Nigeria star Francisca Ordega in her third season in USA’s NWSL
Played in front of a historic capacity crowd at last year's African continental final
Ordega says African women’s football will "grow rapidly in the next few years"
On 3 December last year, something extraordinary happened. Fans started arriving at the Stade Ahmadou Ahidjo in Yaounde a few hours before dawn for a match with a mid-afternoon start. The stadium was effectively at its 40,000 capacity a full five hours before kick-off. The match in question was the final of the CAF Africa Women Cup of Nations. It is a moment that will surely go down as a milestone event for African women’s football.
Local hopes of a maiden title were, however, dashed as favourites Nigeria earned a 1-0 triumph. A few months on and Nigeria forward Francesca Ordega still gets shivers of excitement when the topic turns to that continental decider.
“This crowd was something else,” an animated Ordega told FIFA.com. “Even for men, you don’t often see that kind of support. The place was crazy that day, people couldn’t even get into the stadium. This was really something else, truly amazing.
“I was very happy that we won in front of all the Lionesses fans. It is a different feeling altogether. Playing against Cameroon was really tough. They are a great team, and everyone in Cameroon was supporting them. But we had a lot of professionals in our team, and we were able to count on that experience. Also having a female coach (Florence Omagbemi) and female technical crew ... the feeling was somehow different.”

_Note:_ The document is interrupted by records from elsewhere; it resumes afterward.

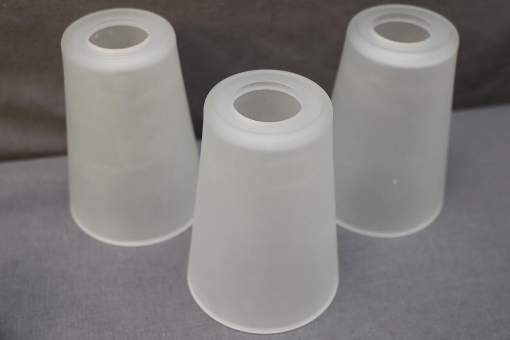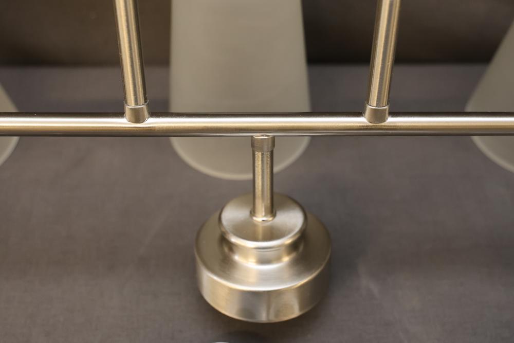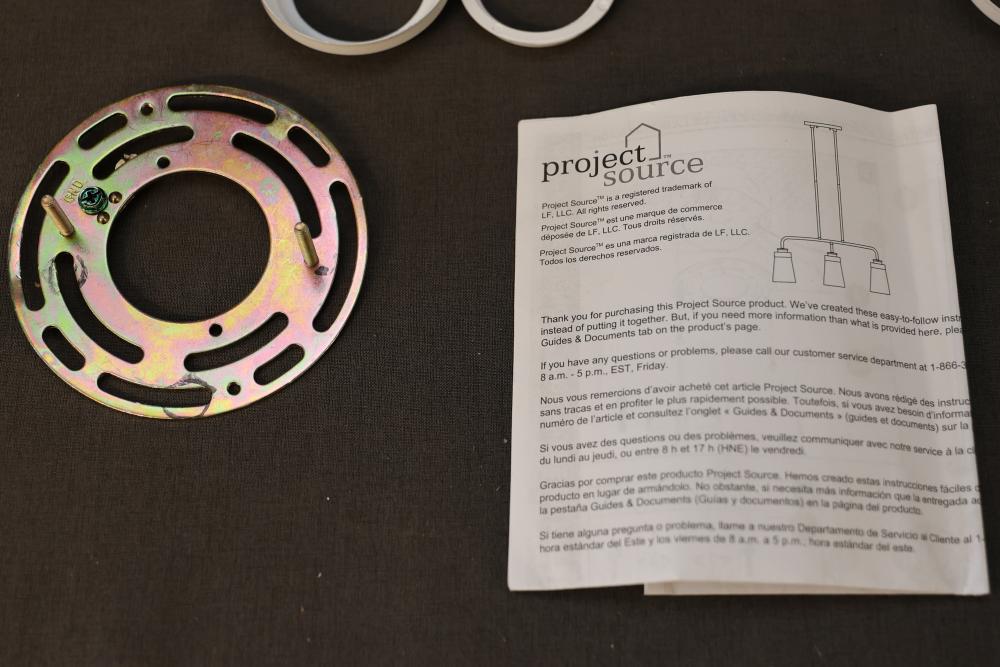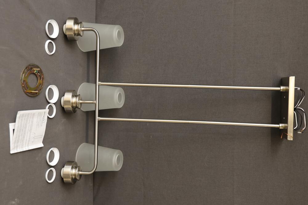 Project Source 3-Light Linear Pendant with Frosted Glass Shades. Includes brushed nickel finish, hardware, and frosted glass shades. Model number 1341842. Designed for ceiling mounting with a modern aesthetic. Documentation for installation is also included. Pickup only.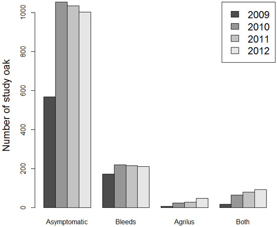 Co-occurrence of emergence holes and stem bleeds. For each year of monitoring total counts of all live oak are presented in four categories: asymptomatic trees (no bleeds and no emergence holes), trees with stem bleeds only, trees with Agrilus emergence holes only and trees with both stem bleeds and emergence holes.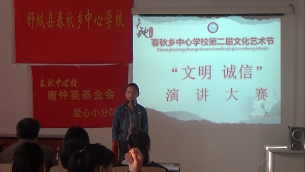 为进一步丰富校园文化生活,活跃校园气氛,促进学校均衡发展优质提升,践行社会主义核心价值观,春秋乡中心学校自2017年11月底开始,陆续举办以“养德·育能·明心”为主题的第二节校园文化艺术节系列活动。11月27日下午,在该校多媒体教室内,隆重的第二届文化艺术节拉开帷幕——“文明·诚信”演讲大赛

Not that Ordega is inexperienced in the ways of world football. At just 23, Ordega has already featured in four FIFA competitions, and played in five countries – Russia, Sweden, USA, Australia and Nigeria. Also, she has just started a third season at Washington Spirit, a largely unheralded side who took the National Women's Soccer League (NWSL) by storm last term before fading to finish second.
Africa’s bright new dawn
That win in Yaounde was a tenth continental victory for Nigeria, with the Super Falcons record spoilt only by two wins for Equatorial Guinea. While Nigeria have long had it their own way, the spread of talent at the recent continental championship is evidence of a rapidly-changing environment on the Mother Continent.
Ordega says she has seen significant change during her relatively short career. “The first time I played against Cameroon, it was like playing against babies, we were just toying with them and taking them for granted,” she said.